Aim of the exercise =>
Start at the line in the entries below that contains "Bravity Skin Reboot", stop at the line that contains "有償旅客数は前年比+11.4", and output exactly the lines in that span, both ends included.

Supplied material =>
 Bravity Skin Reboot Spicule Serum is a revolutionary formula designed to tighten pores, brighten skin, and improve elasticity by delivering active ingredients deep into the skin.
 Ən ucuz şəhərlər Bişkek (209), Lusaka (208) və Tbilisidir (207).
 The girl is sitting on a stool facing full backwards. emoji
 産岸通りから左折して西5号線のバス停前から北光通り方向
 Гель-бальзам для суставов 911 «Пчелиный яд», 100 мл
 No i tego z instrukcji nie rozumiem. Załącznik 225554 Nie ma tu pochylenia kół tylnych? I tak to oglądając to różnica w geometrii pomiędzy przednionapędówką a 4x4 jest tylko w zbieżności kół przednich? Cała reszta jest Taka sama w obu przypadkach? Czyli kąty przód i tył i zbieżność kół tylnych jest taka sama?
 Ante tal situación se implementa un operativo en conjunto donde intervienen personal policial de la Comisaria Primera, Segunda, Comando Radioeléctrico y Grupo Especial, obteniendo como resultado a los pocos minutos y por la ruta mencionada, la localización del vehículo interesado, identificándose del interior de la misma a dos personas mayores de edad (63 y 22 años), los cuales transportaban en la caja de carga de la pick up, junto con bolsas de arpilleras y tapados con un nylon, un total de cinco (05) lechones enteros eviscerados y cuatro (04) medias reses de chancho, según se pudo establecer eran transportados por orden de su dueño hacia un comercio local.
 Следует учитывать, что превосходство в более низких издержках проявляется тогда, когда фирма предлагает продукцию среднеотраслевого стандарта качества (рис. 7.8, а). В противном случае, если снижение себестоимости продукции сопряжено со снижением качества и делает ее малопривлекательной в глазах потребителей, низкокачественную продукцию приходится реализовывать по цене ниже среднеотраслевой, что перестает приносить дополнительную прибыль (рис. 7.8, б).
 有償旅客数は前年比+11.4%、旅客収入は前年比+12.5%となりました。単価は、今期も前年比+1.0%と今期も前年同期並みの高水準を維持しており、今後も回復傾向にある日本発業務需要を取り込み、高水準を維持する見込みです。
--
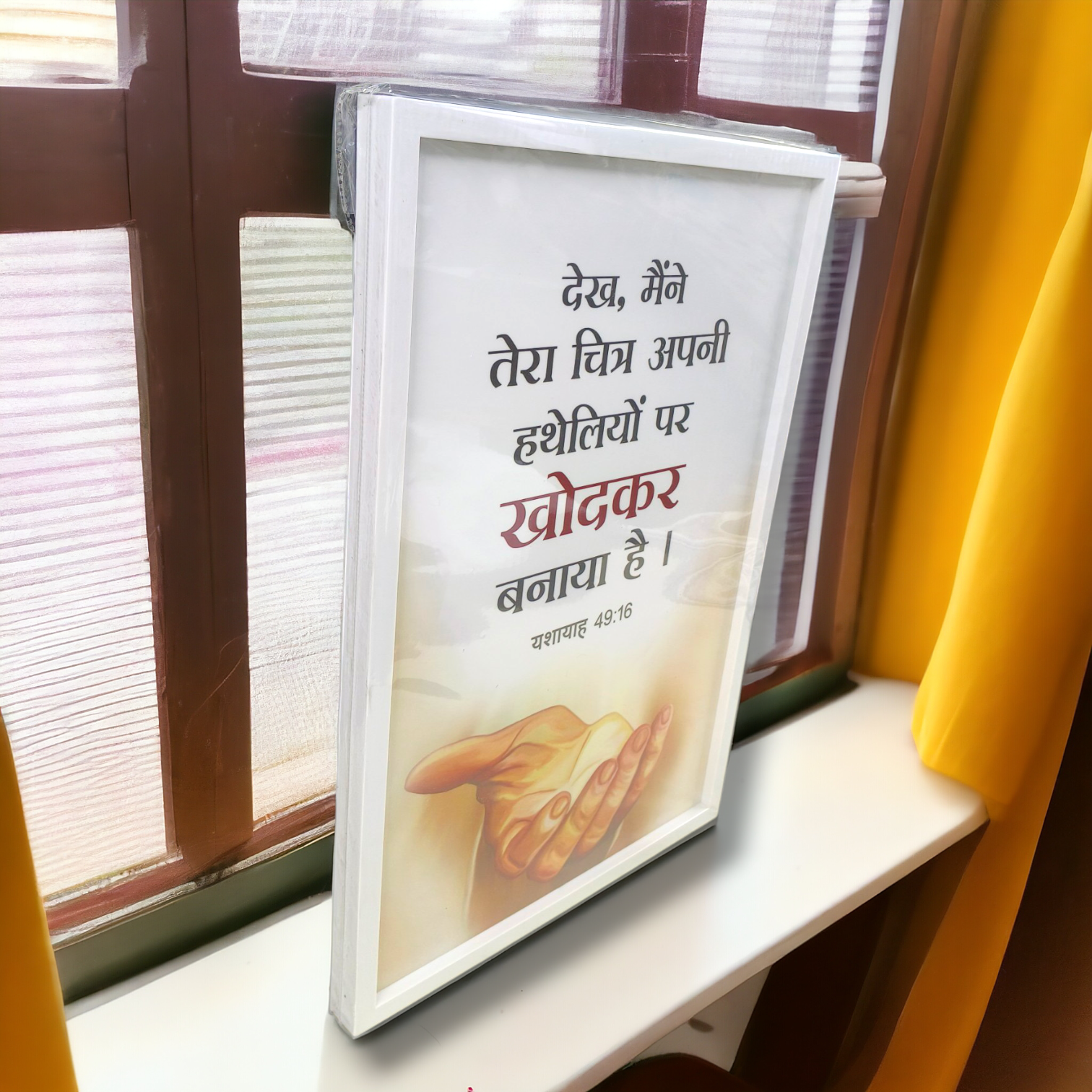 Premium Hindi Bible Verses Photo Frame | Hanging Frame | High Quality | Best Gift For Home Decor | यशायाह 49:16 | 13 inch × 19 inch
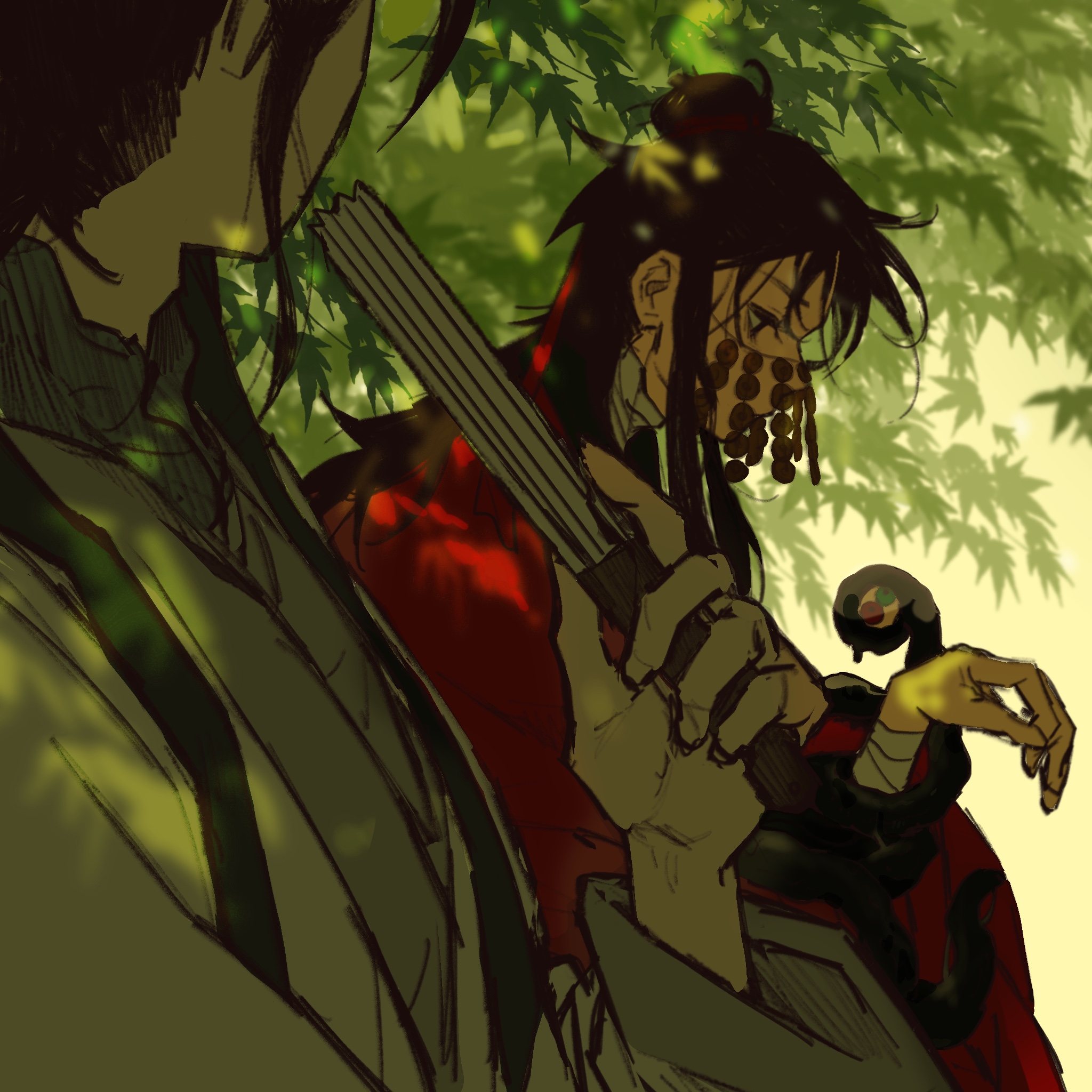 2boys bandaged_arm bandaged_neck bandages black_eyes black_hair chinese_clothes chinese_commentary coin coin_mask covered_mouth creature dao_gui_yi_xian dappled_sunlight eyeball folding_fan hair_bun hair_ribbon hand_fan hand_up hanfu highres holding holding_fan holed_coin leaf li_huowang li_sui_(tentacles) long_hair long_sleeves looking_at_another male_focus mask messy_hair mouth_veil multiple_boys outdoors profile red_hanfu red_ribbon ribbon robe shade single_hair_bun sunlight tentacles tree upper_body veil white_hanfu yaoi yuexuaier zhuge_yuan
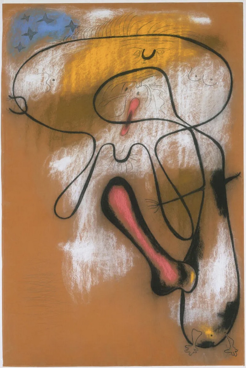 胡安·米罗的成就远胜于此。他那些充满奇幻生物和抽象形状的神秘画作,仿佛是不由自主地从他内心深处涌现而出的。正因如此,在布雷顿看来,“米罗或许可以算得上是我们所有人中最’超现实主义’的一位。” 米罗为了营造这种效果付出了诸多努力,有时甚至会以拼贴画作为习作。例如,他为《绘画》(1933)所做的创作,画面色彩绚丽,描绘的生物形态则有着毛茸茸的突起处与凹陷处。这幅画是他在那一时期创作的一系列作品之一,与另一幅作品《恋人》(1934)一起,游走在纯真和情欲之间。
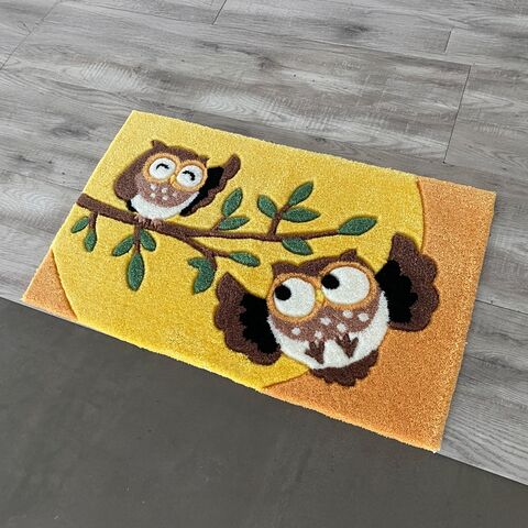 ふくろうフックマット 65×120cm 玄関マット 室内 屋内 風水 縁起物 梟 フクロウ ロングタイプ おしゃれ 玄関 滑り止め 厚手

Answer section =>
 Bravity Skin Reboot Spicule Serum is a revolutionary formula designed to tighten pores, brighten skin, and improve elasticity by delivering active ingredients deep into the skin.
 Ən ucuz şəhərlər Bişkek (209), Lusaka (208) və Tbilisidir (207).
 The girl is sitting on a stool facing full backwards. emoji
 産岸通りから左折して西5号線のバス停前から北光通り方向
 Гель-бальзам для суставов 911 «Пчелиный яд», 100 мл
 No i tego z instrukcji nie rozumiem. Załącznik 225554 Nie ma tu pochylenia kół tylnych? I tak to oglądając to różnica w geometrii pomiędzy przednionapędówką a 4x4 jest tylko w zbieżności kół przednich? Cała reszta jest Taka sama w obu przypadkach? Czyli kąty przód i tył i zbieżność kół tylnych jest taka sama?
 Ante tal situación se implementa un operativo en conjunto donde intervienen personal policial de la Comisaria Primera, Segunda, Comando Radioeléctrico y Grupo Especial, obteniendo como resultado a los pocos minutos y por la ruta mencionada, la localización del vehículo interesado, identificándose del interior de la misma a dos personas mayores de edad (63 y 22 años), los cuales transportaban en la caja de carga de la pick up, junto con bolsas de arpilleras y tapados con un nylon, un total de cinco (05) lechones enteros eviscerados y cuatro (04) medias reses de chancho, según se pudo establecer eran transportados por orden de su dueño hacia un comercio local.
 Следует учитывать, что превосходство в более низких издержках проявляется тогда, когда фирма предлагает продукцию среднеотраслевого стандарта качества (рис. 7.8, а). В противном случае, если снижение себестоимости продукции сопряжено со снижением качества и делает ее малопривлекательной в глазах потребителей, низкокачественную продукцию приходится реализовывать по цене ниже среднеотраслевой, что перестает приносить дополнительную прибыль (рис. 7.8, б).
 有償旅客数は前年比+11.4%、旅客収入は前年比+12.5%となりました。単価は、今期も前年比+1.0%と今期も前年同期並みの高水準を維持しており、今後も回復傾向にある日本発業務需要を取り込み、高水準を維持する見込みです。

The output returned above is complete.